Lions Gate, long near the bottom of the list, jumped into this year’s top 25 with a 104 percent return on equity. That raised the Santa Monica company’s three-year average returns into the black for the first time in six years.

More impressively, it beat out eye-popping returns posted by perennial frontrunner Herbalife Inc., which earned 102 percent on its equity.

Lions Gate’s gains are due not only to the success of “Hunger Games,” but also to acquisition early last year of Summit Entertainment, the studio behind another hit franchise, “Twilight.”

But the good year at the box office is just part of the story. David Miller, an analyst at Westwood brokerage B. Riley & Co. who follows Lions Gate, said Summit specializes in selling film rights overseas. That has increased revenue, helping Lions Gate pay down debt.

As a result, “you have higher net income and higher return on equity,” Miller said. “It becomes a positive virtuous cycle.”

All that pushed the company up 87 spots on the list to No. 24. What’s more, the company could continue to climb. In a research note this month, Miller projected Lions Gate’s return on equity at 41 percent for the rest of this year and 79 percent the year after.

Herbalife and apparel brand Cherokee Inc. still lead the pack, ranked by most recent fiscal year profits, though a few newcomers managed to break into the Top 10. Notable among them: prepaid debit card issuer Green Dot Corp., which went public in 2010 and was first eligible for the list this year. It joins the list at No. 8, higher than any other financial services firm.

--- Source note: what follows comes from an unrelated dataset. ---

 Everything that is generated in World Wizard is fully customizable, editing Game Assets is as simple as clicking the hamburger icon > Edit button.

The Pasadena company makes money when customers buy cards, deposit cash or make purchases. It collects a bit more than 1 percent of every purchase made with a prepaid card and also collects monthly fees from customers.

For all that, however, it doesn’t have to spend much money or deploy much capital, said Gil Luria, an analyst who follows Green Dot for downtown L.A. brokerage Wedbush Securities Inc. That explains Green Dot’s three-year average returns of nearly 23 percent.

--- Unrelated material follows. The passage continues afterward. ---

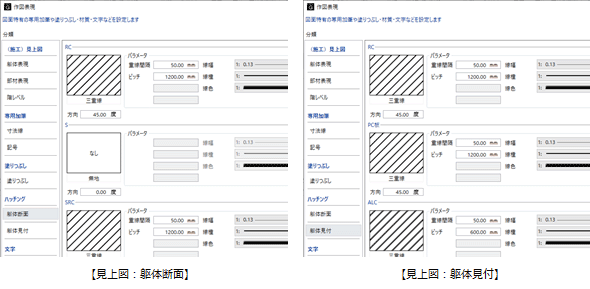 底盤伏図、基礎伏図、見上図、見下図における躯体のハッチングについて設定します。

“They’re only focused on the fee-generating aspects of financial services,” Luria said. “And since they’re the biggest (issuer), they have very good scale and high profitability levels. Each incremental customer and transaction is very profitable.”

But while 2012 was a good year for the top companies, others struggled. More than half had lower returns last year than in 2011. And one of last year’s top 10 most profitable companies fell hard.

U.S. China Mining Group Inc., which operates Chinese coal mines, ranked No. 8 on last year’s list but fell to No. 82 this year as coal orders fell and costs rose.